Horejsi rejected these awards and filed a cross-complaint in the superior court for legal malpractice and breach of contract.

At trial, Sims served as the attorney for Higginbotham, and Higginbotham was counsel for Sims. Horejsi appeared in propria persona.

The jury found that Horejsi breached his contracts with Higginbotham and Sims, and had committed fraud against them by promising to pay their legal fees with no intent to honor his promises. The jury awarded $13,338 to Sims and $23,843 to Higginbotham.

Higginbotham and Sims subsequently requested attorney fees, but Tigar declined to issue such an award, based on the rule of Trope v Katz (1995) 11 Cal.4th 274.

That case held that “an attorney litigating in propria persona cannot be said to ‘incur’ compensation for his time and his lost business opportunities, because he does not become obligated to pay for them,” and therefore cannot recover fees.

Tigar found “[t]he sole reason for Sims and Higginbotham having appeared on each other’s behalf appears to have been to avoid the rule in Trope” since they “could easily have represented themselves” and “essentially did so.”

Higginbotham and Sims appealed, arguing that Trope applies only to requests for attorney fees under Civil Code Sec. 1717—the statute at issue in that case—and only when the attorney-litigant is in propria persona.

They claimed they were entitled to a discretionary award of attorney fees under Business and Professions Code Sec. 6204(d). This statute provides that a prevailing party in a trial after arbitration “may, in the discretion of the court, be entitled to an allowance for reasonable attorney’s fees and costs incurred….”

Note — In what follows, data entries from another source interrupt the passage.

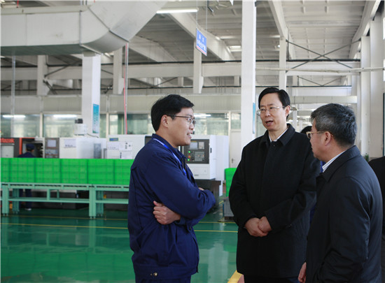 圖為泰州市委書記藍(lán)紹敏在罡楊鎮(zhèn)罡楊股份公司了解生產(chǎn)情況。顧祥忠攝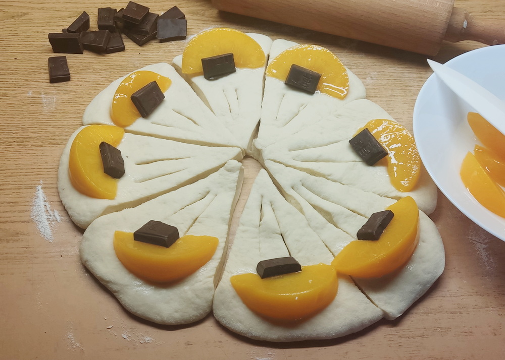 - Na każdym trójkącie robię dwa nacięcia i układam plasterek brzoskwini i kostkę czekolady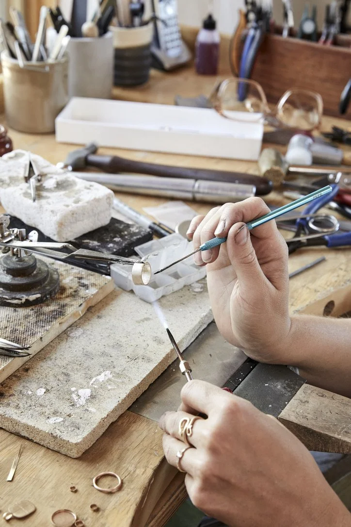 From forming the bezel, to soldering, stone setting, engraving, and finally the polishing stage, each piece is made by Hannah, herself. Our only outsourced process is wax casting which is carried out by an experienced, family-run casting house in New York.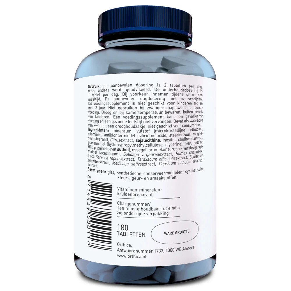 Orthica Multi 4 All Complete multi met kruiden en enzymenMulti 4 All van Orthica is een complete multi met vitaminen, mineralen, plantenextracten en enzymen. Hierdoor onderscheid Multi 4 All zich van andere multivitamine- en mineralenpreparaten. Multi 4 All ondersteunt het energieniveau2 en de weerstand1. Door de aanwezige B-vitaminen (B2, B3, B5, B6, B11, B12) en ijzer draagt deze multivitamine bij aan extra energie bij vermoeidheid en moeheid. Foliumzuur, ijzer, koper, selenium, vitamine A, B1

The appellate court, however, disagreed. In an opinion by Justice James R. Lambden, the panel noted “courts have not restricted the application of Trope to apply only to requests for attorney fees under Civil Code section 1717” and similar concerns to those raised by the Supreme Court in Trope were at play.

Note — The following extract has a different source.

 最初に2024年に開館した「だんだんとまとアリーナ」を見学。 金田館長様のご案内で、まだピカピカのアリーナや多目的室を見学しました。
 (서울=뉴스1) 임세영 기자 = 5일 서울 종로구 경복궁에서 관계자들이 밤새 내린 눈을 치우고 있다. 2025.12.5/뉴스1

In Trope, the high court said Sec. 1717 “was designed to establish mutuality of remedy when a contractual provision makes recovery of attorney fees available to only one party, and to prevent the oppressive use of one-sided attorney fee provisions.” The justices reasoned that “[i]f an attorney who is the prevailing party in an action to enforce a contract with an attorney fee provision can recover compensation for the time he expends litigating his case in propria persona, but a nonattorney pro se litigant cannot do so regardless of the personal and economic value of such time simply because he has chosen to pursue a different occupation, every such contract would be oppressive and one-sided.”

Lambden reasoned this “problem of one-sidedness identified by the Trope court applies equally here,” since Sec. 6204(d) only permits a court to award the prevailing party attorney fees incurred and, since Horejsi was self-represented, he would not have been entitled to fees.

He also emphasized that Higginbotham and Sims were not seeking fees mandated by a statute, but monies which the trial court had discretion to award.

“The trial court’s conclusion that Higginbotham and Sims represented each other to avoid the effect of Trope was based on its own observations during the course of the trial,” Lambden said, and the trial court “was in the best situation to assess whether Higginbotham and Sims were essentially representing themselves.”

The case is Law Office of Edward M. Higginbotham v. Horejsi, A128521.